• _Data shown_:
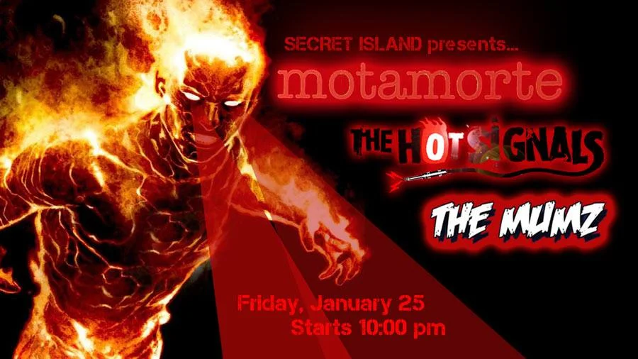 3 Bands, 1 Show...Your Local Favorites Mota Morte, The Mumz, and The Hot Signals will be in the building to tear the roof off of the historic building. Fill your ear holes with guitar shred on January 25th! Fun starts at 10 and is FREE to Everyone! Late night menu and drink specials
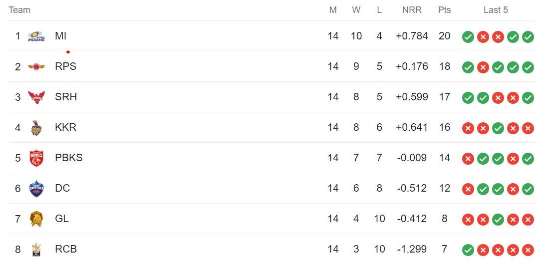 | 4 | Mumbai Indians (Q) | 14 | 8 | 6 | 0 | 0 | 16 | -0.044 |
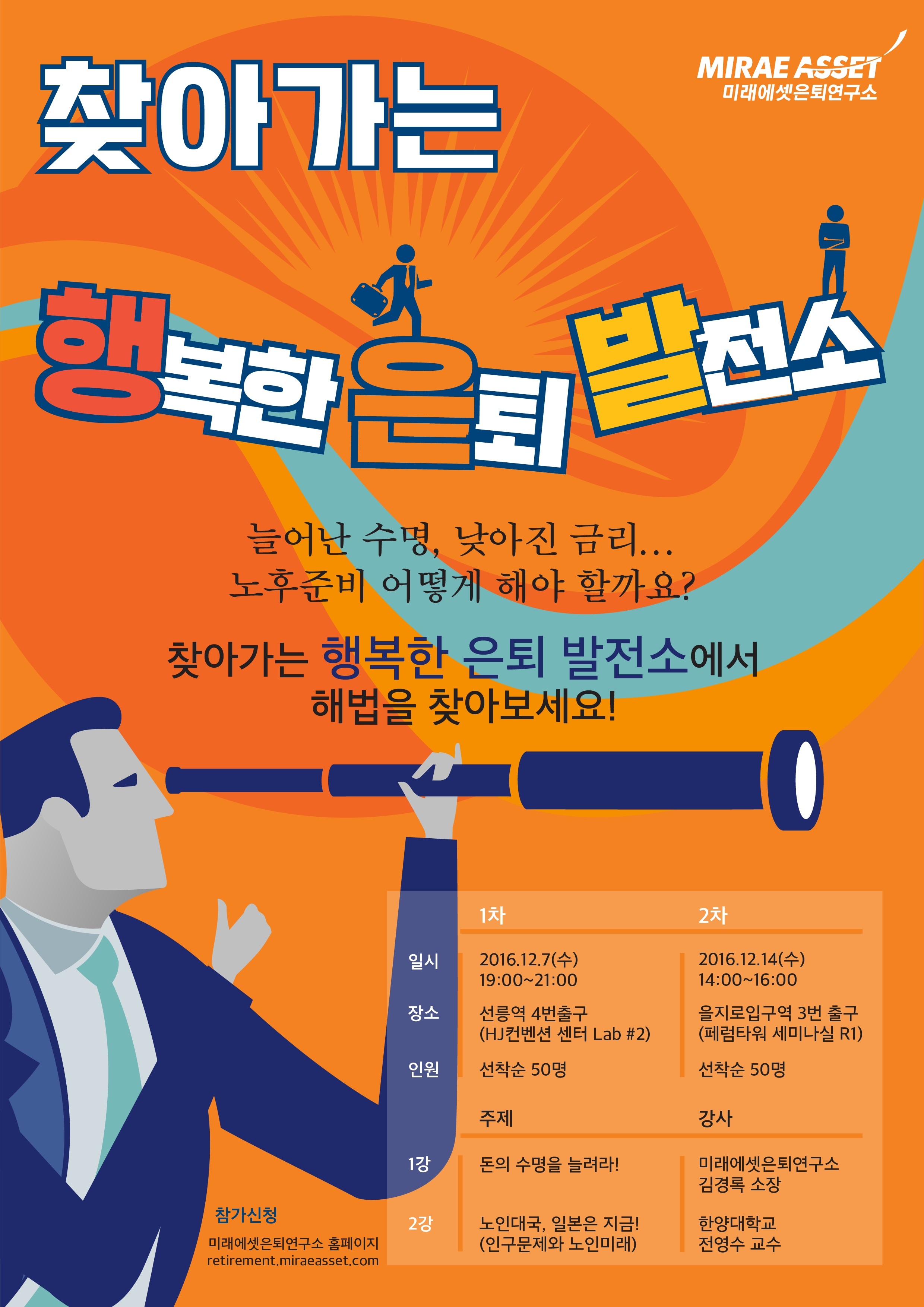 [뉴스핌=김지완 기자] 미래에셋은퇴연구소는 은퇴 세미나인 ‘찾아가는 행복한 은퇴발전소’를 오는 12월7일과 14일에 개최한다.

* * *

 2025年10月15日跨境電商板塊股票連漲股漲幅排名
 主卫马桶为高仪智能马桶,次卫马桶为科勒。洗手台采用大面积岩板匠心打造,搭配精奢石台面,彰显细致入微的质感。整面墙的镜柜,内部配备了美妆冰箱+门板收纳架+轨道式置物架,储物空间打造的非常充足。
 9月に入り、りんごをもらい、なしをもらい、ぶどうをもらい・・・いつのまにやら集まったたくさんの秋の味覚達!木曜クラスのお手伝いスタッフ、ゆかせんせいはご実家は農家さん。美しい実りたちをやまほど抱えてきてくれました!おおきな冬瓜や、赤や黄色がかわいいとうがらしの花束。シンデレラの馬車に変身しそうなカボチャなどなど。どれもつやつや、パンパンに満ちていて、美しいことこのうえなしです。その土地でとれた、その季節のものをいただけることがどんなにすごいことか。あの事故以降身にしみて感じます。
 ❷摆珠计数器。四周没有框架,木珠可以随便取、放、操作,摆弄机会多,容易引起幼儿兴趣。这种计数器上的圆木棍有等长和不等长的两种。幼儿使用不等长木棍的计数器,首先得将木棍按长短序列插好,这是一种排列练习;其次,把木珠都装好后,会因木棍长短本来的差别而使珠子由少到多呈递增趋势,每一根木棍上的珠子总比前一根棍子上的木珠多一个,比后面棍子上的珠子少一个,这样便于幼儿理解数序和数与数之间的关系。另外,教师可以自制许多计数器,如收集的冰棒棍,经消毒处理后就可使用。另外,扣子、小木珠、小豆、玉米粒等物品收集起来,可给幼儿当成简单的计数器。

* * *

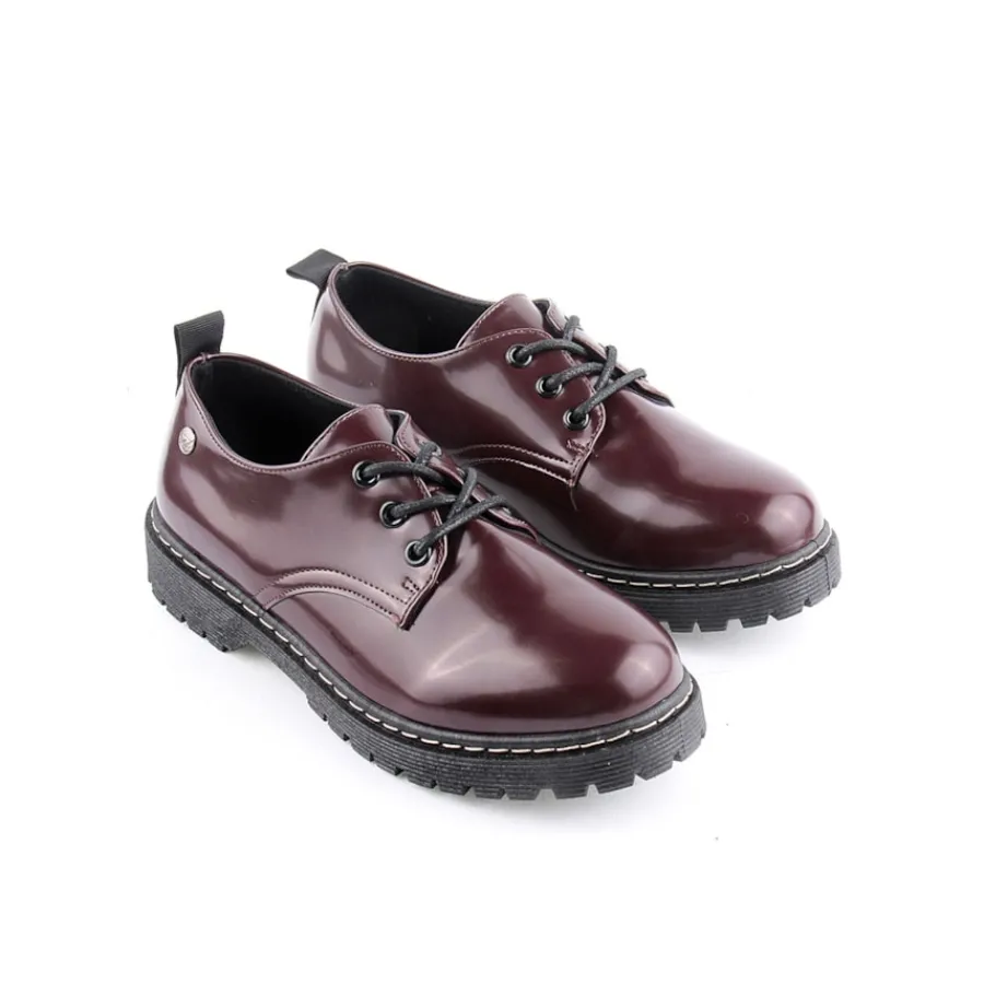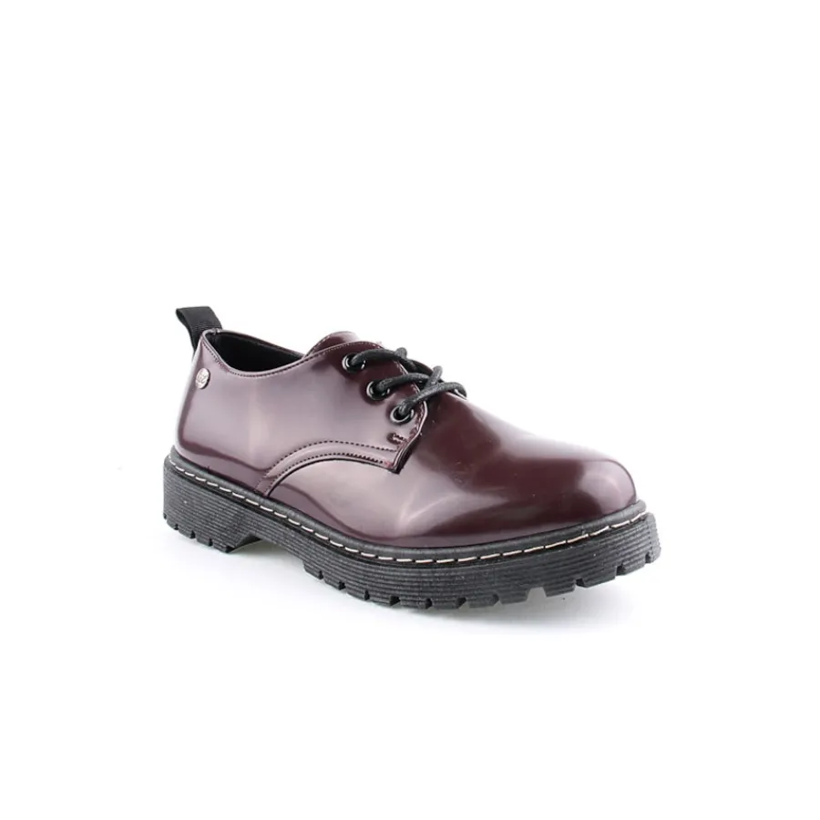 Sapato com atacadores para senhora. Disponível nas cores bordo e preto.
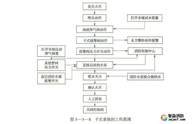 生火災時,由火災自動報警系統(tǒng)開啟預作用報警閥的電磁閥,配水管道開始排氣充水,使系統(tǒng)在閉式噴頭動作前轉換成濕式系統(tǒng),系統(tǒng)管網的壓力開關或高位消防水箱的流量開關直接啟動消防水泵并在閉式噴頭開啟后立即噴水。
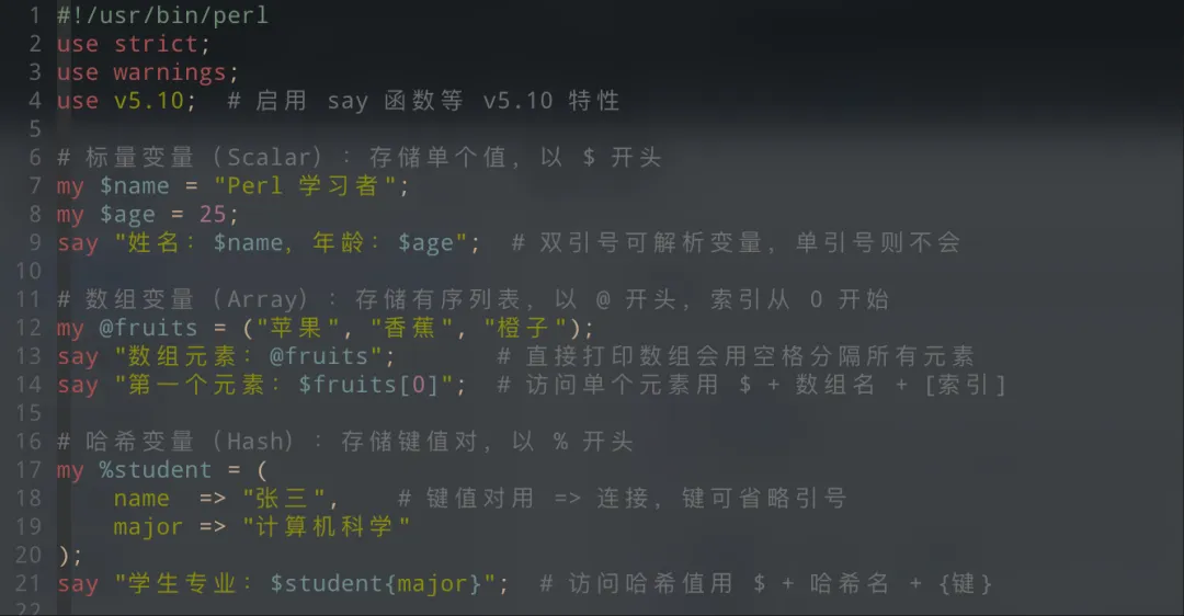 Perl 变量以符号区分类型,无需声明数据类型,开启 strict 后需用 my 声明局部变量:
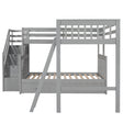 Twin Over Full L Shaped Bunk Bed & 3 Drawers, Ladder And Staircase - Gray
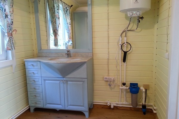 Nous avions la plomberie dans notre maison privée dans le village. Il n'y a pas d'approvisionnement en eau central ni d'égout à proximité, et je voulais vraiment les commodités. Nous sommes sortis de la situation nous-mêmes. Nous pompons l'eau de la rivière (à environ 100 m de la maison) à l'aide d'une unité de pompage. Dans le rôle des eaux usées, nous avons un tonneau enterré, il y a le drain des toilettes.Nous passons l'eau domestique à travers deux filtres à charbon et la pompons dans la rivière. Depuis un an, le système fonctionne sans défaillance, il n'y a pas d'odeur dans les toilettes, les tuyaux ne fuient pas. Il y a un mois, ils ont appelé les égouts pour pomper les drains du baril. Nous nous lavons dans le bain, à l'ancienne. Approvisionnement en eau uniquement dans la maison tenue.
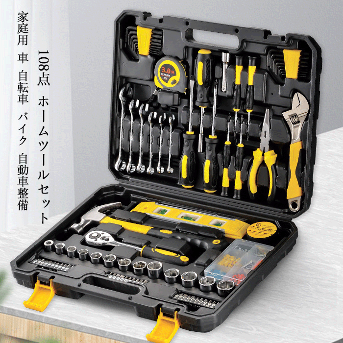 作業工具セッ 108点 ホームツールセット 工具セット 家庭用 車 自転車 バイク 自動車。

• _Activity_: Everything above from the line with "9月に入り、りんごをもらい、" to the line with "❷摆珠计数器。四周没有框架,木珠可以随便", both included, must be repeated exactly, and nothing outside that range.

• _Reply_:
 9月に入り、りんごをもらい、なしをもらい、ぶどうをもらい・・・いつのまにやら集まったたくさんの秋の味覚達!木曜クラスのお手伝いスタッフ、ゆかせんせいはご実家は農家さん。美しい実りたちをやまほど抱えてきてくれました!おおきな冬瓜や、赤や黄色がかわいいとうがらしの花束。シンデレラの馬車に変身しそうなカボチャなどなど。どれもつやつや、パンパンに満ちていて、美しいことこのうえなしです。その土地でとれた、その季節のものをいただけることがどんなにすごいことか。あの事故以降身にしみて感じます。
 ❷摆珠计数器。四周没有框架,木珠可以随便取、放、操作,摆弄机会多,容易引起幼儿兴趣。这种计数器上的圆木棍有等长和不等长的两种。幼儿使用不等长木棍的计数器,首先得将木棍按长短序列插好,这是一种排列练习;其次,把木珠都装好后,会因木棍长短本来的差别而使珠子由少到多呈递增趋势,每一根木棍上的珠子总比前一根棍子上的木珠多一个,比后面棍子上的珠子少一个,这样便于幼儿理解数序和数与数之间的关系。另外,教师可以自制许多计数器,如收集的冰棒棍,经消毒处理后就可使用。另外,扣子、小木珠、小豆、玉米粒等物品收集起来,可给幼儿当成简单的计数器。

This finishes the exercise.